Papillary Tumor of the Pineal Region: Diagnosis and Treatment

Abstract

In 2003, papillary tumor of the pineal region has been described as a distinct entity on the basis of a series of six cases with identical histological features. It is a rare neuroepithelial tumor of the pineal region, characterized by a papillary architecture and epithelial cytology, with immunopositivity for cytokeratins, and ultrastructural features suggesting ependymal differentiation. It stains for vimentin, S100 protein, NSE, MAP2, N-CAM, and TTR, while GFAP labeling is focal or absent. Possible origin from specialized ependymal cells of the subcommissural organ has been suggested. In 2007, the World Health Organization (WHO) formally recognized it as a distinct entity in the classification of tumors of the nervous system. A specific WHO grade has not been given but it has been suggested that the tumor corresponds to grade II or III. However, histological grading criteria remain to be defined. Papillary tumor of the pineal region manifests in both children and adults. Its biological behavior is variable.

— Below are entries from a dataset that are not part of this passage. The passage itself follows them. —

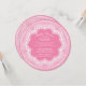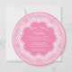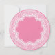 Bonito convite para chás de fraldas para um chá de fraldas para meninas com um quadro branco de rendas fino, colocado em um círculo de recorte redondo rosa escuro de fundo. Sacudir nosso convite para Chás de fraldas moderno e divertido para ver uma correspondência de volta para um toque especial extra.
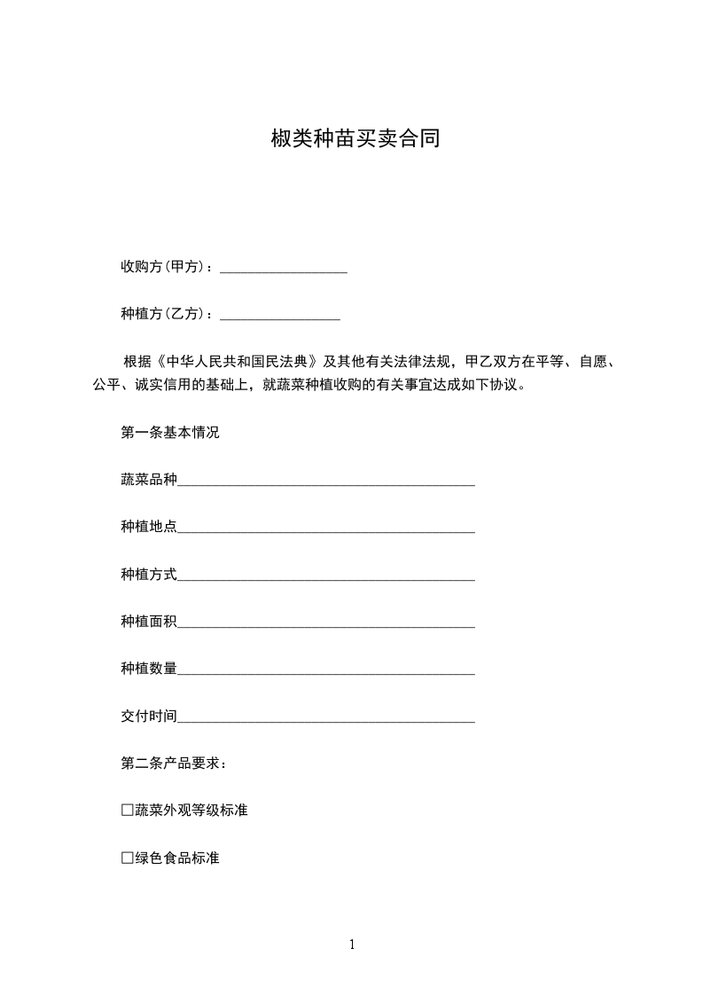 根据《中华人民共和国民法典》及其他有关法律法规,甲乙双方在平等、自愿、公平、诚实信用的基础上,就蔬菜种植收购的有关事宜达成如下协议。
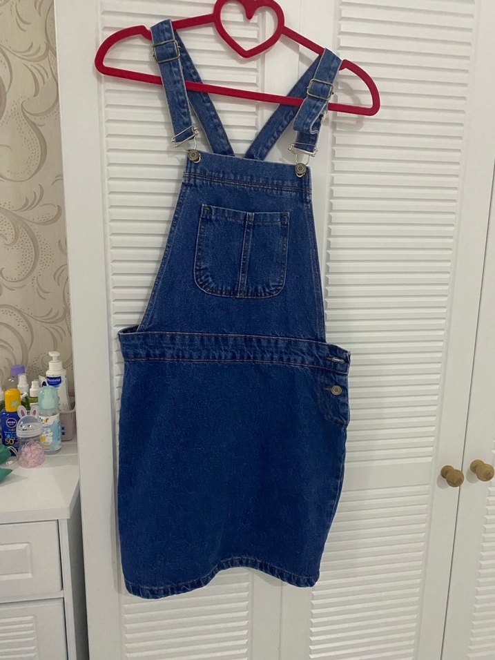 Lacivert denim kumaştan, askılı ve tokalı ayarlanabilir kayışlara sahip, önden cep detaylı, mini boyda ve fitted kesim tulum.
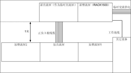 第三步:在原設備前1米位置臨時安裝1個新整流屏(RACK1500)和1個新直流屏(作為臨時直流屏),進行正負并接,并接上工作地線,用電纜(正負3根線纜)與老系統母線并機運行2小時,調高新整流屏(RACK1500)輸出電壓0.5V左右,使負載全部轉移到新整流屏RACK1500上運行12小時。如下圖(圖1):
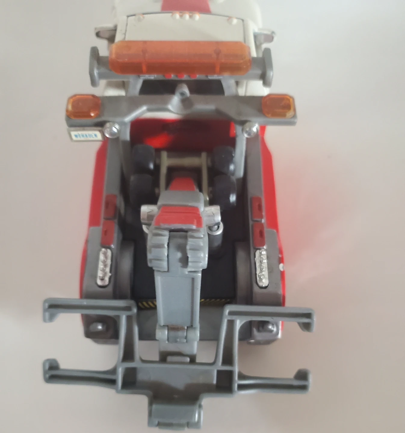 This is a toy tow truck with realistic details. It features a white and red cab with "BIG RIG Towing" graphics. The rear tow mechanism is articulated. It's a fun toy for vehicle enthusiasts!
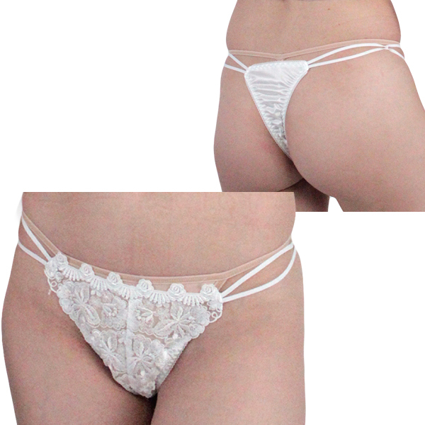 ■肌触りのいい光沢レース付き脇2本ゴムTバック ホワイト
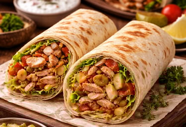 A delicious shawarma wrap filled with seasoned chicken, fresh vegetables, and creamy garlic sauce.

Clinically, it is characterized by progressive growth, frequent local recurrence (which has been reported in up to 70% of the patients), and rare spinal dissemination (which has been reported in up to 7% of the patients). The 5-year estimates for overall survival and progression-free survival have been evaluated in 73 and 27%, respectively. At neuroimaging, the tumor appears as a well-circumscribed, contrast-enhancing pineal mass. At magnetic resonance imaging, a reliable finding seems to be the ­high-intensity signal on unenhanced T1-weighted images. When a mass of the posterior commissure or pineal region shows high-intensity signal on T1-weighted images, in the absence of fat, hemorrhage, melanin, or calcification, the diagnosis of a papillary tumor of the pineal region may be suggested so that specific immunohistochemical studies can be performed for a definitive diagnosis. Treatment of choice is surgery followed by irradiation, though the value of irradiation on disease progression is controversial. Incomplete resection and marked mitotic activity tend to be associated with recurrence and decreased survival.